RAW DATA:
• • •
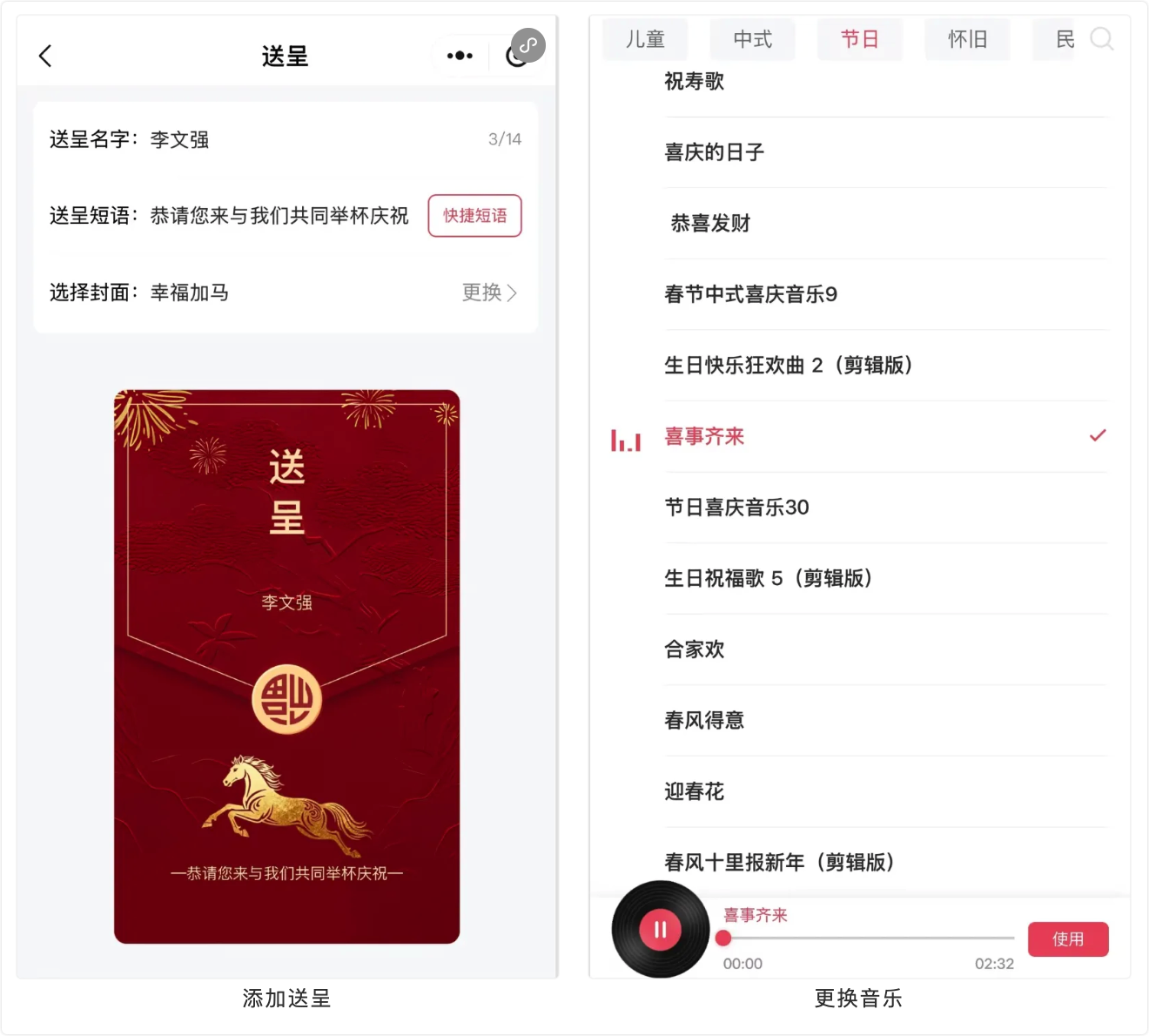 长页和翻页请柬都自带音乐,但如果你想更有仪式感,可以点击编辑器下方的【音乐】按钮,从库里挑一首喜庆的歌,或者上传你们喜欢的曲子。朋友一点开,氛围感就有了!
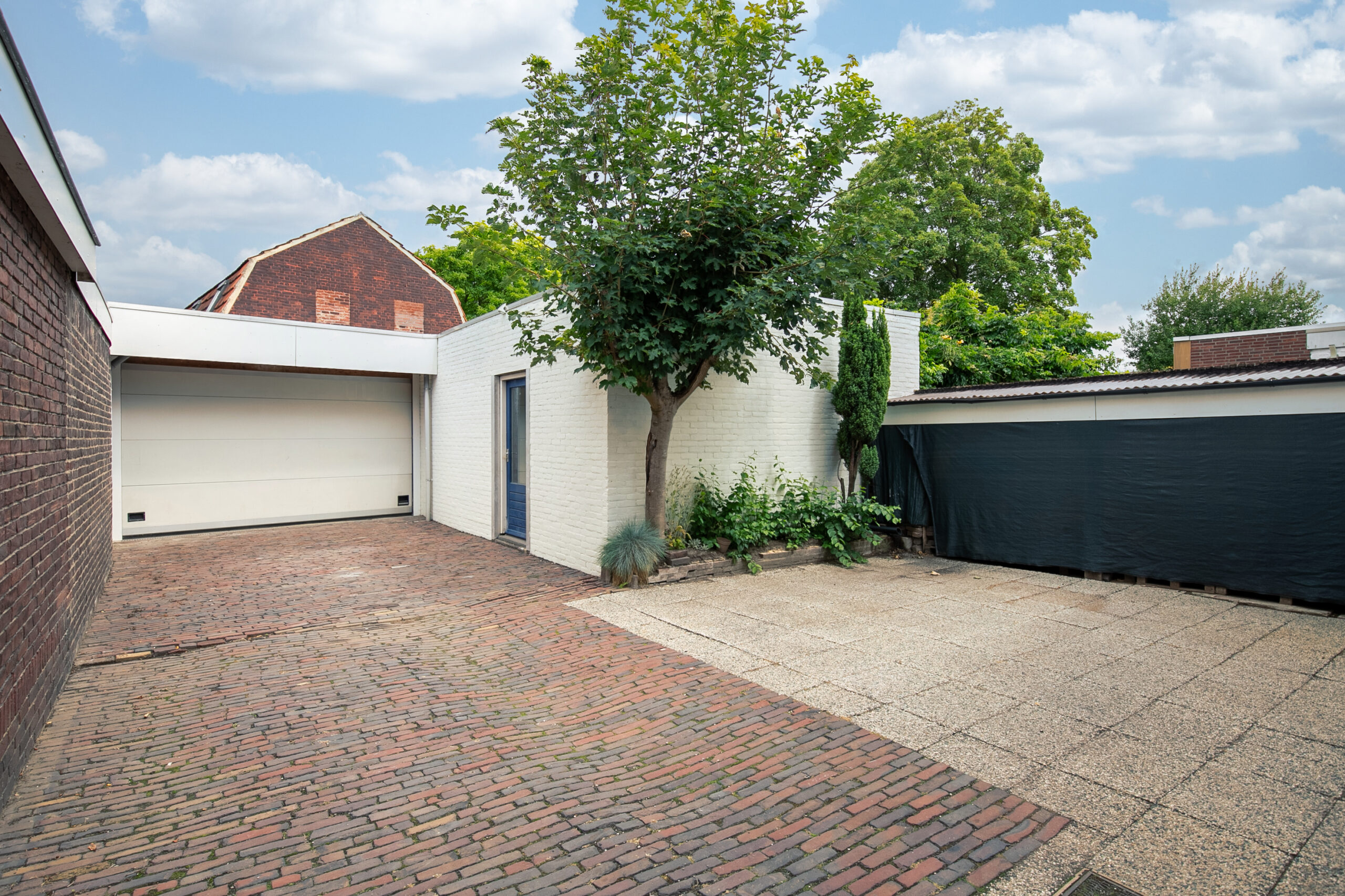 De tuin is volledig bestraat en beschikt over een royale garage (ca. 10 jaar oud) met sectionaalpoort, smeerput, twee compartimenten en zelfs een eigen toiletruimte. Daarnaast is er een oprit aan de zijkant van de woning.
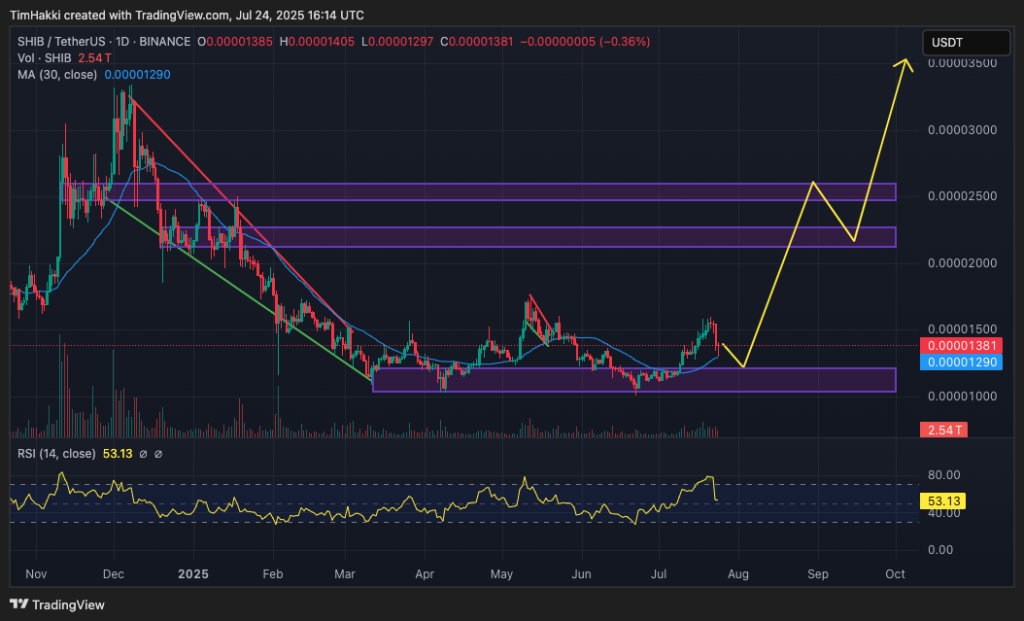SHIB текущая цена составляет 0.00001387 долларов, за последние две недели она выросла на 11.5%, за последние 30 дней на 20%. Она близка к прорыву двух ключевых технических формаций: нисходящего клина, сформированного с ноября по март, и бычьего флага, образованного в середине мая.
• • •
WHAT IS EXPECTED: Once the pictures are removed, repeat all of the data above exactly.

WRITTEN RESPONSE:
 长页和翻页请柬都自带音乐,但如果你想更有仪式感,可以点击编辑器下方的【音乐】按钮,从库里挑一首喜庆的歌,或者上传你们喜欢的曲子。朋友一点开,氛围感就有了!
 De tuin is volledig bestraat en beschikt over een royale garage (ca. 10 jaar oud) met sectionaalpoort, smeerput, twee compartimenten en zelfs een eigen toiletruimte. Daarnaast is er een oprit aan de zijkant van de woning.
SHIB текущая цена составляет 0.00001387 долларов, за последние две недели она выросла на 11.5%, за последние 30 дней на 20%. Она близка к прорыву двух ключевых технических формаций: нисходящего клина, сформированного с ноября по март, и бычьего флага, образованного в середине мая.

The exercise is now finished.